The implementation of antibody-based therapies faces significant regulatory hurdles, including the complexities of approval processes, the need for rapid implementation in outbreak scenarios, and ensuring early administration of high-titer antibodies to maximize efficacy. Timely treatment requires well-coordinated healthcare delivery systems and proactive public health strategies for patient identification and treatment initiation.⁷¹ Addressing these challenges through advancements in production technologies, regulatory pathways, and healthcare infrastructure is critical to realizing the full potential of mAbs in managing MPXV and other orthopoxvirus infections. Ongoing research and collaborative efforts are needed to refine these therapies and integrate them effectively into global outbreak preparedness frameworks.
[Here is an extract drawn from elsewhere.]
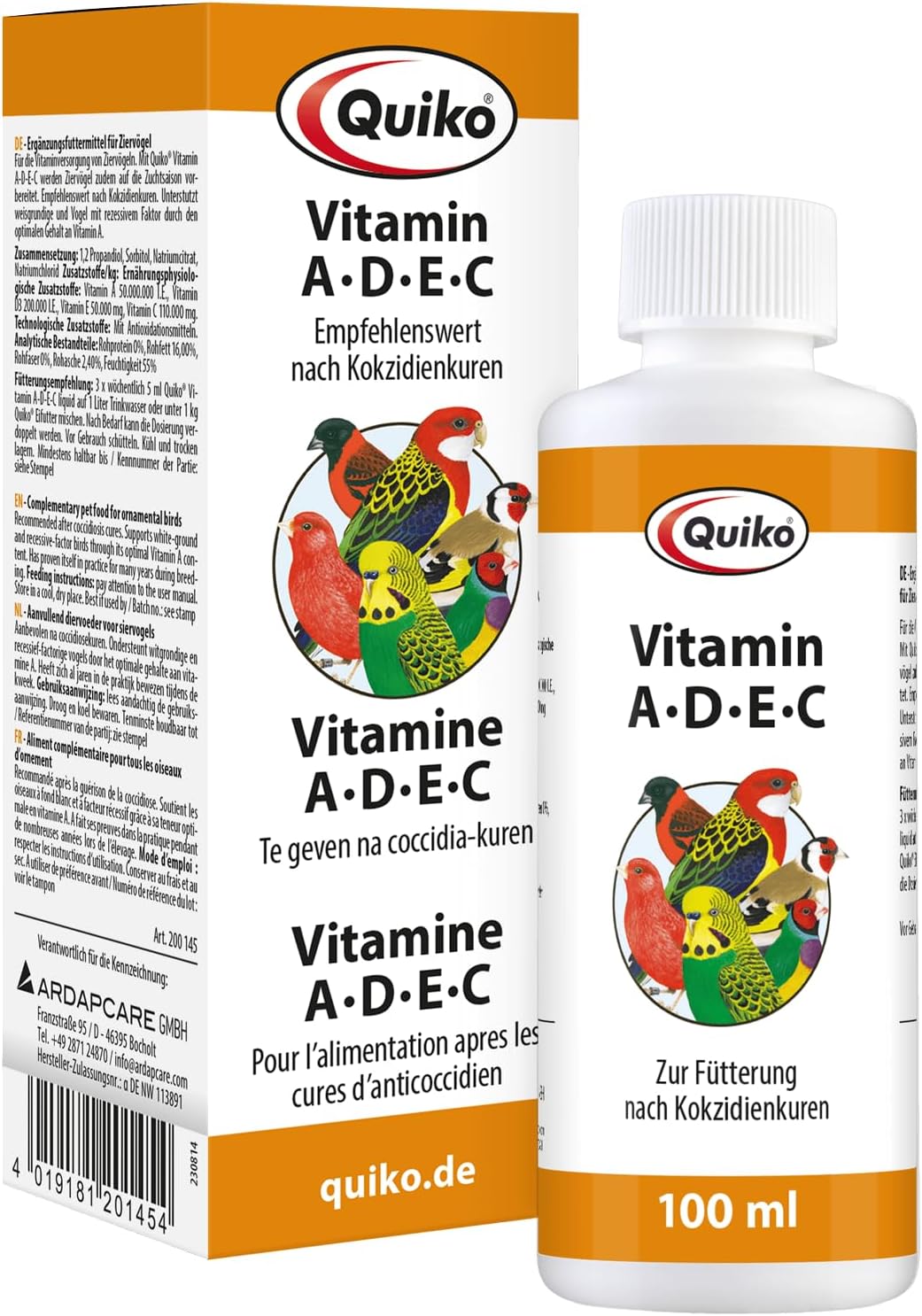 Допълнителна храна за декоративни птици. Препоръка за хранене: Смесете 5 мл течност Quiko Vitamin ADEC в 1 литър питейна вода или в 1 кг храна за яйца Quiko 3 пъти седмично. Дозата може да се удвои, ако е необходимо.

Gene editing and RNA-based therapies

Gene-editing technologies, particularly CRISPR-Cas9, hold significant promise for the treatment of viral infections, including MPXV. By targeting essential genes in orthopoxviruses, these tools have demonstrated efficacy in reducing viral titers. However, their application to MPXV is still in the experimental phase, requiring further investigation to fully realize their therapeutic potential and address associated challenges. CRISPR-Cas9 has demonstrated the ability to target conserved genes in orthopoxviruses, achieving reductions in viral titers of up to 93.19% in vitro. Delivery systems such as adeno-associated virus (AAV) vectors have shown comparable efficacy, with titers reduced by as much as 92.97%.⁷² These findings highlight CRISPR-Cas9’s potential for precise and effective antiviral intervention. The specificity of CRISPR-Cas9 for viral genomes minimizes the risk of off-target effects, an essential criterion for its safe therapeutic application.⁷³ While tools such as TALENs have been employed for creating gene-modified models, CRISPR-Cas9 is often preferred due to its simplicity, precision, and adaptability. In addition, CRISPR-based diagnostics, including SHERLOCK and DETECTR, have exhibited high sensitivity and specificity for detecting viral infections and may be tailored for MPXV detection.^74,75 Although the use of CRISPR-Cas9 and similar tools for treating MPXV shows great promise, these approaches remain predominantly in the research phase. Future work should focus on optimizing delivery methods, ensuring scalability, and conducting rigorous safety and efficacy studies in vivo to translate these findings into viable clinical applications.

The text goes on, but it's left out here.